The information was strong enough to change building codes. All homes built in Spokane County since the early 1990s must include radon mitigation systems.
The innovative programs and results earned the radon program awards from the EPA and the National Association of Counties.
Most builders embraced the radon measures, LaScuola said. The work is relatively easy, with the right fill material and pipes placed before the foundation is even poured.
The systems are initially passive, meaning that the gases are allowed to collect in the perforated pipes under the foundation and then travel up and out of a vent. When the houses are finished and ready for occupancy, radon tests are conducted to see if the system needs to be activated. If so, a small fan inside the vent pipe is turned on to help draw the radon up and out of the home. A radon mitigation system usually costs less than $1,000 to install in a new home, depending on the home’s design and size.
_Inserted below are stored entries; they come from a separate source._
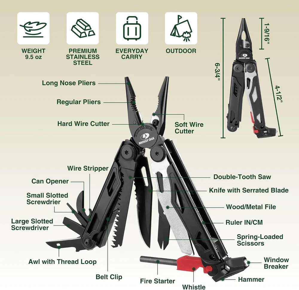 Versatile 19-in-1 Stainless Steel Pocket Multitool for Outdoor Adventures ‹ › ‹ › ‹ › ‹ › ‹ › ‹ › ‹ › ‹ › ‹ › Versatile 19-in-1 Stainless Steel Pocket Multitool for Outdoor Adventures Discover the ultimate companion for your outdoor escapades with our innovative 19-in-1 Multitool. Designed to enhance your preparedness and versatility, this multi-tool is a must-have for enthusiasts of camping, fishing, hiking, and everyday DIY projects. Features: 19-IN-1 MULTITOOL: Long nose pliers, regular pliers, hard wire cutter, soft wire cutter, awl with thread loop, large and small slotted screwdrivers, can opener, wire stripper, double-tooth saw, wood/metal file, window breaker, hammer, spring-loaded scissors, whistle, fire starter, ruler in/cm, belt clip, and a serrated blade knife. ESSENTIAL SURVIVAL TOOLS: Sturdy hammer for building/repairs, reliable window breaker for emergencies, quick ignition fire starter, high-pitched whistle for attracting attention in dire situations. CONVENIENT SELF-LOCKING DESIGN: Effortlessly accessible, ensuring swift tool operation while maintaining safety with a remarkable self-locking structure. EDC POUCH & POCKET CLIP: Durable black pouch and pocket clip for seamless everyday carry. Easily attachable to your belt or backpack strap for effortless portability. PREMIUM MATERIALS & CONSTRUCTION: Crafted from ultra-durable stainless steel, ensuring longevity and corrosion resistance. Reliable for various outdoor activities. Benefits: Be prepared in critical situations with versatile tools. Unmatched convenience with self-locking safety features. Portable and easy to carry, ensuring you are always ready for adventure. Durable materials guarantee longevity and reliability. Perfect gift for Father's Day or as an everyday carry item. Why choose our 19-in-1 Stainless Steel Multitool? Elevate your outdoor adventures with our 19-in-1 Stainless Steel Pocket Multitool, the epitome of practicality and preparedness. From the essential hammer and window breaker to tools that ignite fires, we’ve packed everything you need into one sleek design. Whether camping, fishing, or tackling DIY projects, this multitool adapts to your every need. Don’t leave your preparedness to chance; order your versatile multitool today and embark on your next adventure with confidence! Shipping Free & Fast Shipping - We offer free shipping to most of the USA with a normal delivery time of 3-7 days. However, due to the current situation, additional delivery time (up to 3 weeks) may be required for some items. Alternative Carriers - We may use alternative carriers (e.g. USPS, FedEx, UPS, etc.) to ensure your package arrives safely and on time. Due to the use of multiple carriers, we are unable to provide a tracking number automatically. Handling Time - Orders are processed and shipped within 1-2 business days of receiving cleared payment. Shipping Restrictions - Shipping to Alaska, Hawaii, Puerto Rico, Guam, and other US territories may incur shipping charges or delivery restrictions. Please contact us before ordering, or your order can be refunded/cancelled. State Restrictions - There may be restrictions based on your state of purchase. For example, certain items may not be shipped to California due to state regulations. Contact for Tracking Updates - If you require tracking updates or have any concerns about the delivery of your order, please feel free to contact us, and we will be happy to assist you. Return Please see our eBay Return Policy. Thank you. Payment We accept all major credit cards, PayPal, and Apple Pay for your convenience. Your payment information is secure and encrypted to ensure a safe and seamless transaction. Please complete your payment within 3 days of purchase to avoid any delays in shipping. Feedback Your feedback is extremely important to us. We strive to provide the best products and customer service possible. If you are satisfied with your purchase, please take a moment to leave us a positive review. If you have any concerns or issues with your order, please contact us before leaving negative feedback. We are committed to resolving any problems and ensuring your satisfaction. Contact Us If you have any questions or concerns, please feel free to reach out to our customer support team. You can contact us through the eBay messaging system. We are available Monday to Friday, 9:00 am to 5:00 pm EST, and we will do our best to respond to your inquiry within 24 hours. Thank you for supporting our small family business! UPC: Not Set Blade Length: Not Set Closed Length: Not Set Model: Not Set Item Weight: 10.5 ounces Overall Length: Not Set Unit Quantity: 1 Tools Included: None,long nose pliers,regular pliers,hard wire cutter,soft wire cutter,awl with thread loop,large slotted screwdriver,small slotted screwdriver,can opener,wire stripper,double-tooth saw,wood/metal file,window breaker,hammer,spring-loaded scissors,whistle,fire starter,ruler in/cm,belt clip,serrated blade knife Material: Stainless Steel Blade Material: Stainless Steel Features: Corrosion Resistant,Self-Locking Design,Durable Pouch,Pocket Clip Brand: Unbranded Type: Multi-Tool Number of Tools: 19 Blade Edge: Serrated Color: Black Country/Region of Manufacture: Not Set Manufacturer Warranty: Not Set MPN: Not Set Unit Type: oz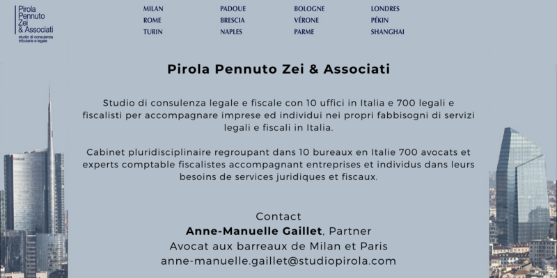 Avv. Anne-Manuelle Gaillet, Partner – anne-manuelle.gaillet@studiopirola.com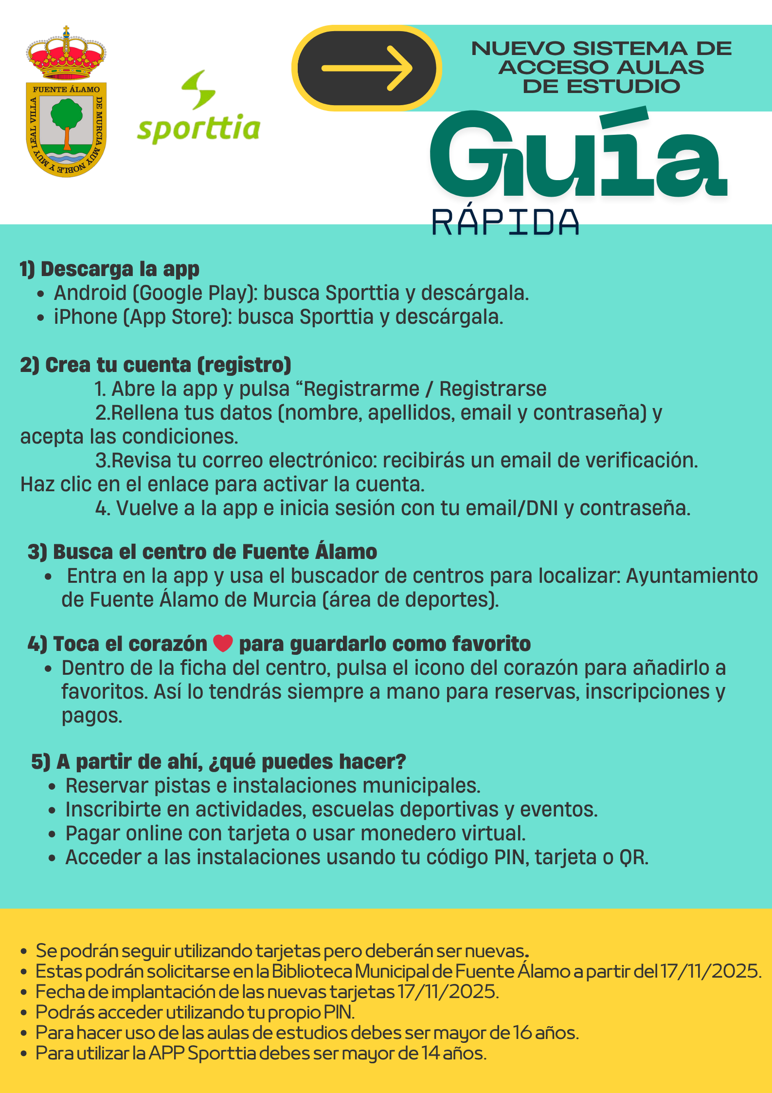 Ya puedes descargar la guía rápida para acceder a las instalaciones municipales del Ayuntamiento de Fuente Álamo como, la Casa de la Cultura de Balsapintada y el Aula de Estudio de Fuente Álamo a través del siguiente enlace: https://ayto-fuentealamo.es/wp-content/uploads/2025/11/guia-rapida-acceso-a-instalaciones-municipales-de-fuente-alamo.pdf

Installing radon mitigation systems in older homes can cost more because of extra placement work.
The work of the local health district became a casualty of Initiative 695, which slashed many public health programs, LaScuola said.
“Sure radon is just a facet of the hazards of living,” he said. “But, with the radon program being cut, that awareness began to fade away.”
Today the local health district refers people with radon inquiries to materials posted by the EPA.
“When I think about what we were able to do and improve people’s lives like through radon education and testing, we knew we were helping,” LaScuola said.
The Spokane area has an interesting geology that gives it a very high prevalence of radon gas, according to information from the Washington State Department of Natural Resources.
“In your corner of the state, there’s more uranium and radium in the ground than in other places,” Brennan said. “There were, after all, three uranium mines there.”
Despite the problems, there is no evidence of elevated levels of lung cancer in the Spokane region due to radon.
Reasons vary, Brennan said. Radon in homes wasn’t measured until the 1980s. Historically, Spokane has had higher smoking rates compared with the state as a whole. And since it may take many years for radon to affect the lungs, many people move and don’t make a connection.
And there’s this: Not everyone exposed to high levels of radon develops lung cancer, just as some lifelong smokers never get lung cancer.
“Here’s what we do know: Radiation can cause cancer,” Brennan said. “We know people exposed to high concentrations, in job fields such as mining, have a higher incidence of lung cancer than can be explained. So something was happening that has been causing lung problems for miners.”
Brennan said that what worries him about Spokane homes is that so many of the radon readings are so high.
“That’s why we are encouraging people to test their homes,” Brennan said.